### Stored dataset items
►

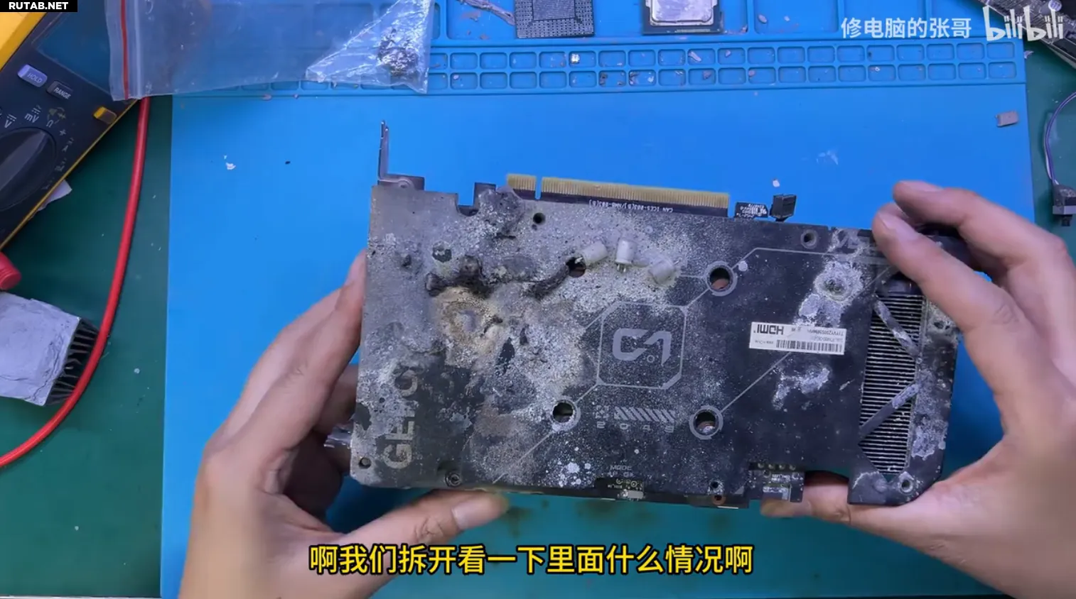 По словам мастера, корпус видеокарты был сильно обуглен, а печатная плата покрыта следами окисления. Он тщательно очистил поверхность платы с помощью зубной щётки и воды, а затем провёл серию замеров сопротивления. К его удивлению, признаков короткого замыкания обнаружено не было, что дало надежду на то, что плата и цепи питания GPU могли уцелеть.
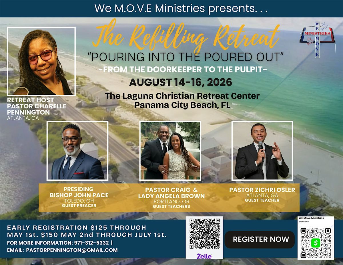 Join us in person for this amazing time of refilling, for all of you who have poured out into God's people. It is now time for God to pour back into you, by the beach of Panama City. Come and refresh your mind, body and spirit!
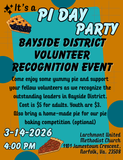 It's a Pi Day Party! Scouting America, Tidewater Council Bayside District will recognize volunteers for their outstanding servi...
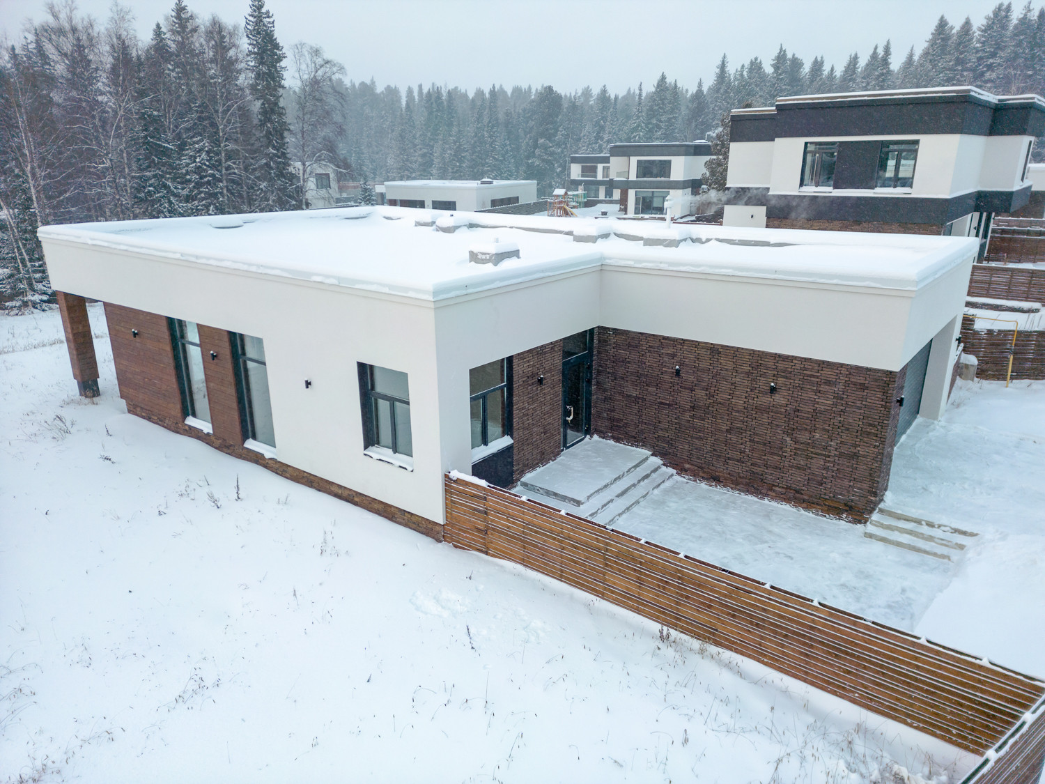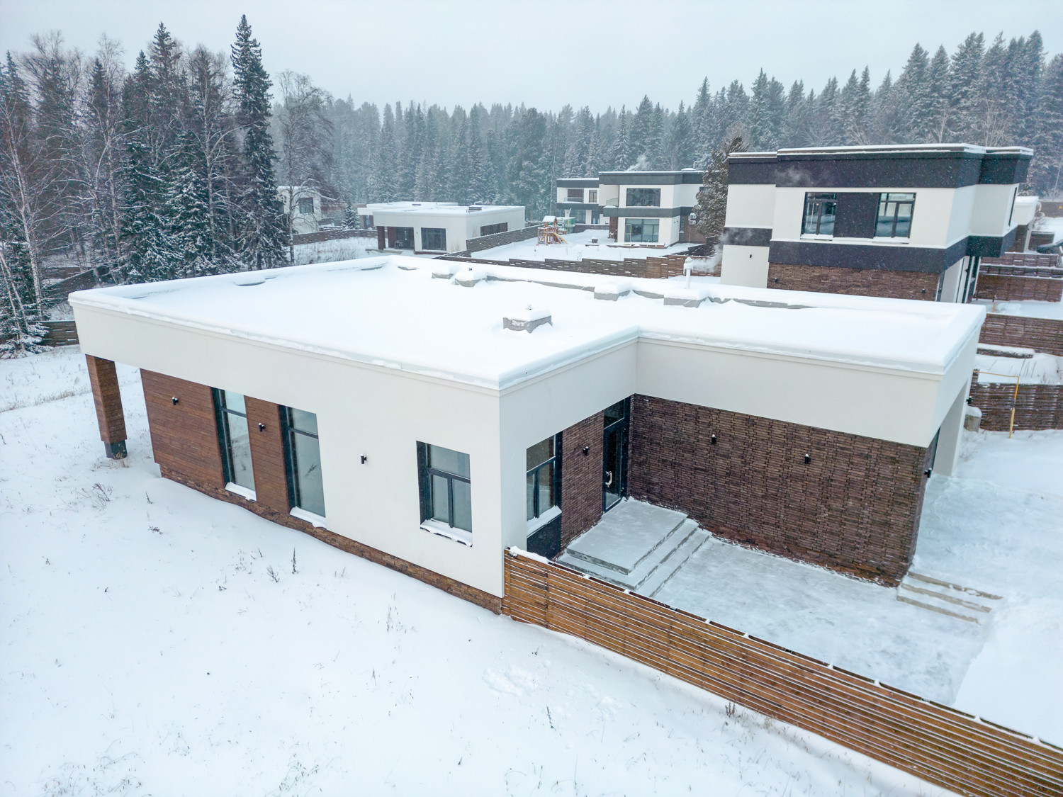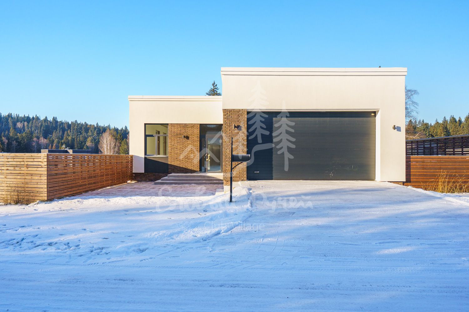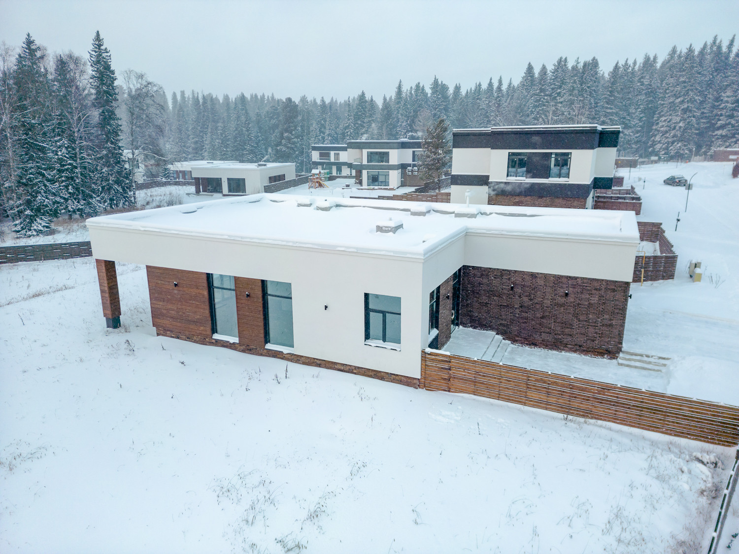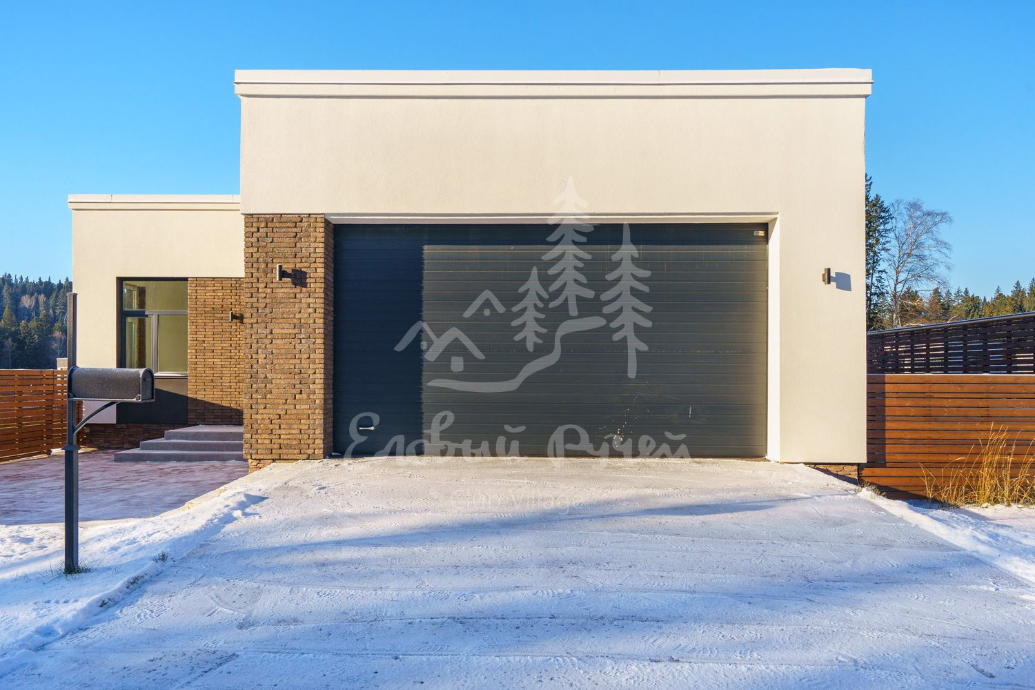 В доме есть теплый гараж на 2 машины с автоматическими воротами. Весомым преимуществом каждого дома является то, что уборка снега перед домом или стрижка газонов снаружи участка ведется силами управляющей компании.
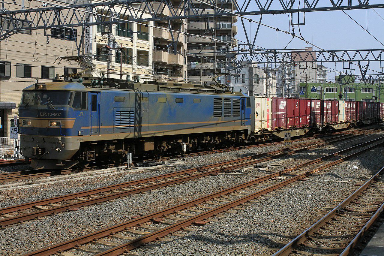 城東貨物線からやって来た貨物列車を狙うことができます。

◄
►

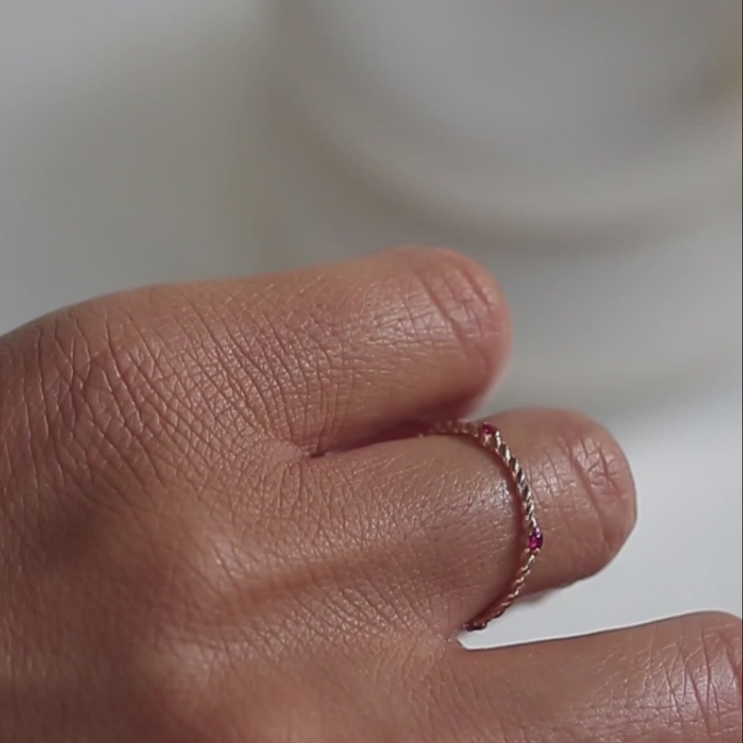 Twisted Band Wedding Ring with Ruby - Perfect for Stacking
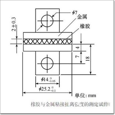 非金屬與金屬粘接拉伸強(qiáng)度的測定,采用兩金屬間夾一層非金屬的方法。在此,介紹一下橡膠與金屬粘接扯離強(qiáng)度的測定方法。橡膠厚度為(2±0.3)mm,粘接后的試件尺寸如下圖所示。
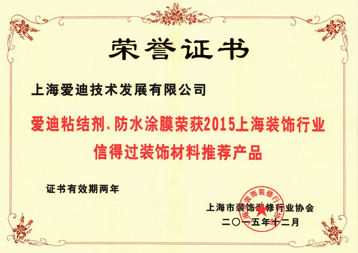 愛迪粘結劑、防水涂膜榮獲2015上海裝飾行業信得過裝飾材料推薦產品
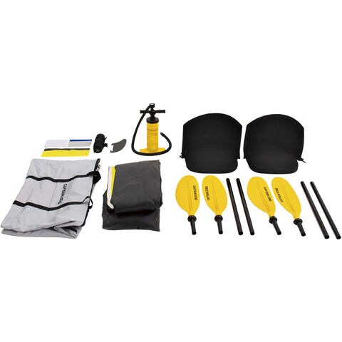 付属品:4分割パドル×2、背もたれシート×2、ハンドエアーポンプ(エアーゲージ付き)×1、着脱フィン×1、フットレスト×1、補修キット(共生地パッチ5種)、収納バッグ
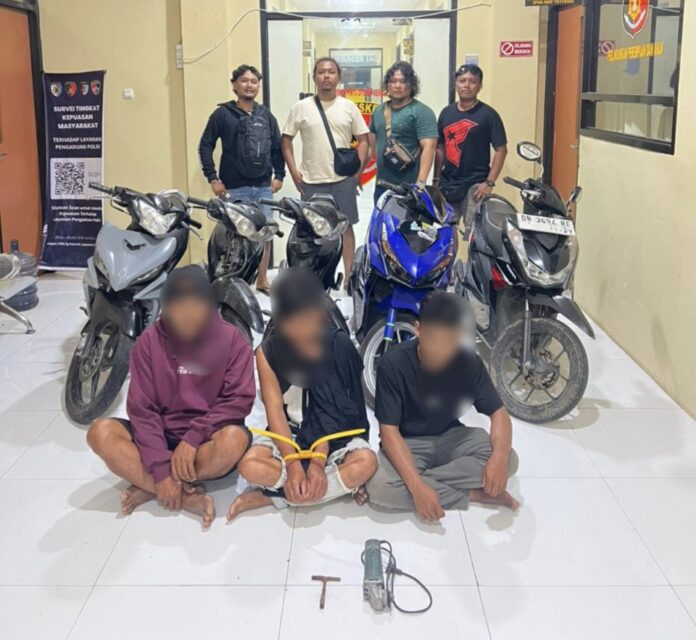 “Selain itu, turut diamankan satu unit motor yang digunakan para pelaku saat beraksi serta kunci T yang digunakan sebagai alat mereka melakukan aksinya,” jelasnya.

◄

The answer must be the part of the records that opens with the line containing "Twisted Band Wedding" and closes with the line containing "itu, turut diamankan", reproduced exactly, with no pictures.

### RESPONSE AREA
 Twisted Band Wedding Ring with Ruby - Perfect for Stacking
 非金屬與金屬粘接拉伸強(qiáng)度的測定,采用兩金屬間夾一層非金屬的方法。在此,介紹一下橡膠與金屬粘接扯離強(qiáng)度的測定方法。橡膠厚度為(2±0.3)mm,粘接后的試件尺寸如下圖所示。
 愛迪粘結劑、防水涂膜榮獲2015上海裝飾行業信得過裝飾材料推薦產品
 付属品:4分割パドル×2、背もたれシート×2、ハンドエアーポンプ(エアーゲージ付き)×1、着脱フィン×1、フットレスト×1、補修キット(共生地パッチ5種)、収納バッグ
 “Selain itu, turut diamankan satu unit motor yang digunakan para pelaku saat beraksi serta kunci T yang digunakan sebagai alat mereka melakukan aksinya,” jelasnya.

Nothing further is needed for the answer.